|
Version: 2.0
Template Description: Template for EST DataTemplate for EST Data
Mappings for this template
Sections available in this template
| Section Name | Description | Conditions |
| Source | Information on the source of the dataset, the species it concerns and the name and version of the dataset | Mandatory
|
| Experiment | General experiment data | Mandatory
|
| Quality Assessment | Information about the quality measures used | Mandatory
|
| Conditions | Experimental conditions | Mandatory
|
| Summary | Description of the library containing the ESTs identified in the experiment. | Mandatory
|
| ESTs | Information on individual ESTs. | Optional Multiple sheets allowed
|
| Sequence Data | Information regarding the nucleotide sequences of the ESTs. | Optional Multiple sheets allowed
|
| Samples | Information about samples used in the experiment | Mandatory Multiple sheets allowed
|
| Institutions | List of institute codes used in passport data sections and their corresponding decoded name and addresses. | Optional
|
Source
Section Description: Information on the source of the dataset, the species it concerns and the name and version of the dataset
see section: source in GCPDataSubmissionTemplate2.0
for the following fields
institute, principalInvestigator, projectCode, projectName, emailContact, species, ploidy, datasetName, version, creationDate, remark
Experiment
Section Description: General experiment data
see section: experiment in GCPGenotypingTemplate2.0
for the following fields
operationalTaxonomicUnit, purposeOfStudy, missingData, remark
Quality Assessment
Section Description: Information about the quality measures used
see section: qualityAssessment in GCPDataSubmissionTemplate2.0
for the following fields
qualityMeasure, standard, control, errorEstimator
Conditions
Section Description: Experimental conditions
see section: conditions in GCPGenotypingTemplate2.0
for the following fields
samplingStrategy, controlGenotypes, rnaExtraction, cDnaSynthesis, libraryConstruction, sequencingMethod, reference
| Field Name | Description | Conditions |
| RNA Extraction | A description of the RNA extraction method or reference to published method. | Mandatory
|
| cDNA Synthesis | A description of the protocol for cDNA synthesis or reference to published method. | Mandatory
|
| Library Construction | A description of the method used for cDNA library construction or reference to published method. | Mandatory
|
| Sequencing Method | A description of the method used for sequencing of the cDNA library or reference to published method. | Mandatory
|
Summary
Section Description: Description of the library containing the ESTs identified in the experiment.
| Field Name | Description | Conditions |
| Library Name | The used-defined name of the library. | Mandatory
|
| Data Source | Name of database where the ESTs were submitted.
Example: NCBI GenBank | Mandatory
|
| GeneBank Accession Numbers | Accession numbers of the EST sequences in the database.
Example: AB123456;AF000987 | Mandatory
|
| Number of ESTs | Total number of ESTs in the library. | Mandatory
|
| Creation Date in Database | Date library was created in the database. | Mandatory
|
| Species | Taxonomic or common name of species analyzed.
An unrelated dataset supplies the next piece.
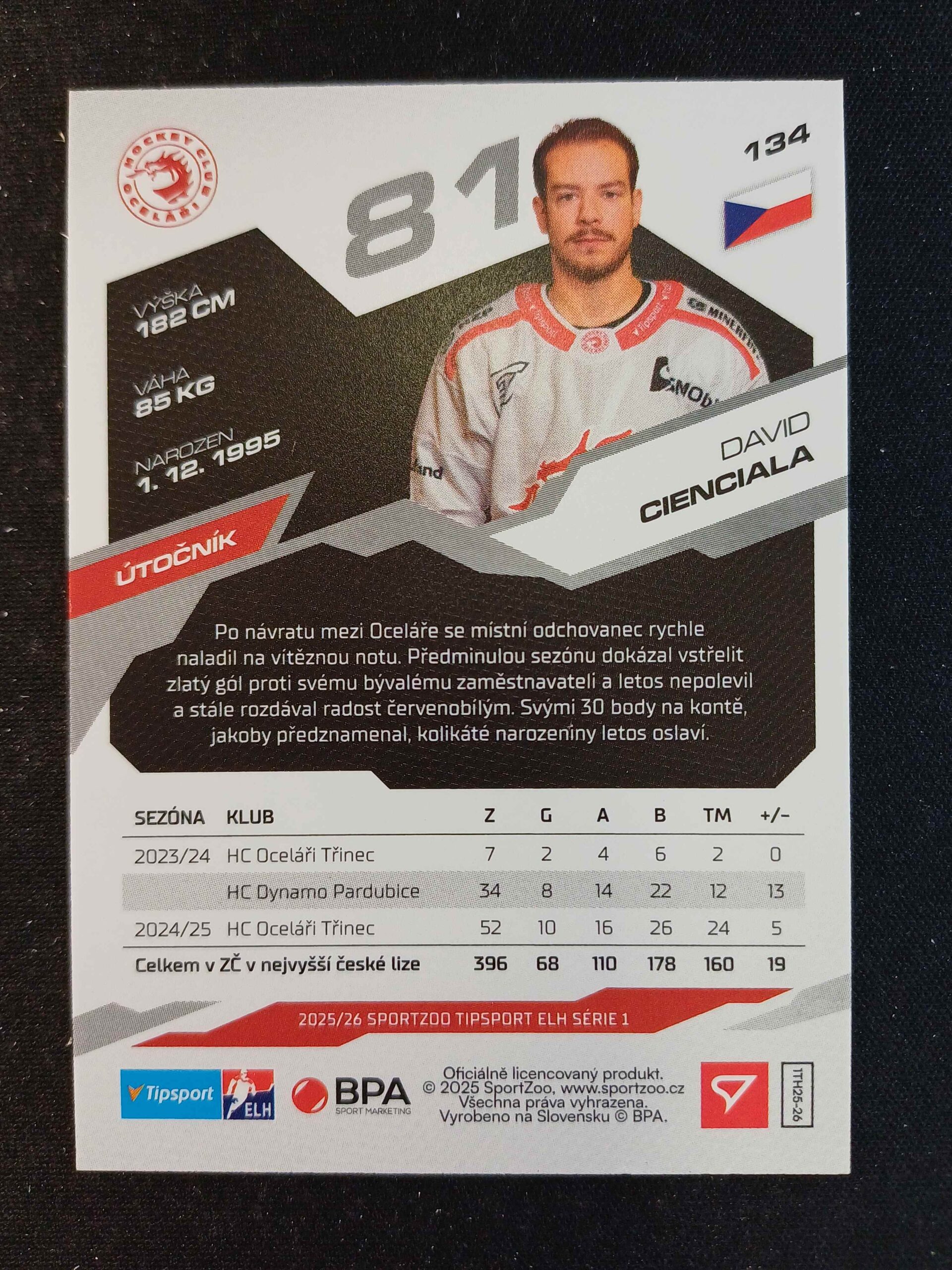 Sběratelská karta 2025/2026 Sportzoo Serie 1 Base 134 David Cienciala

If data is from several species, please separate multiple entries separate each species name with a semi-colon. | Mandatory
|
| Tissue Type | Tissue type and organ source.
Example: root | Mandatory
|
| Cell Type | Cell type and name of cell line, if applicable. | Optional
|
| Developmental Stage | Developmental stage of organism during sampling.
Example: juvenile | Mandatory
|
| Laboratory Host | Laboratory host of library. | Optional
|
| Vector | Name and type of vector used to construct library. | Mandatory
|
| Restriction Enzyme 1 | Restriction enzyme at site 1 of vector. | Optional
|
| Restriction Enzyme 2 | Restriction enzyme at site 2 of vector. | Optional
|
| Protocol Description | Description of library preparation methods. | Mandatory
|
| Reference | One or more references to articles in which the genotyping procedures are published. Please place each reference on a separate row in the same column. | Optional
|
ESTs
Section Description: Information on individual ESTs.
see section: markers in GCPMappingTemplate2.0
for the following fields
estID, sampleID, geneBankAccessionNumber, contig, cluster, length, sequenceIDs, numberOfSsr, ssrDetected, forwardPrimer, reversePrimer, annealingTm, productLength, references
| Field Name | Description | Conditions |
| EST ID | A unique identifier of the EST. The EST ID will be unique for a specific laboratory but is not a universal identifier. It must relate to an EST ID in the list of individual ESTs. | Mandatory Unique
|
| Sample ID | A unique identifier of a DNA sample, which can be a sample in a well on a gel or a LIMS entry, or even a unique ID created specifically for this dataset. The SampleID is specific to a lab and is not a universal identifier. If the accession data is provide it must relate to SampleID in the accession sheet or file. | Mandatory Unique
|
| GeneBank Accession Number | Accession number of the EST sequence in the database.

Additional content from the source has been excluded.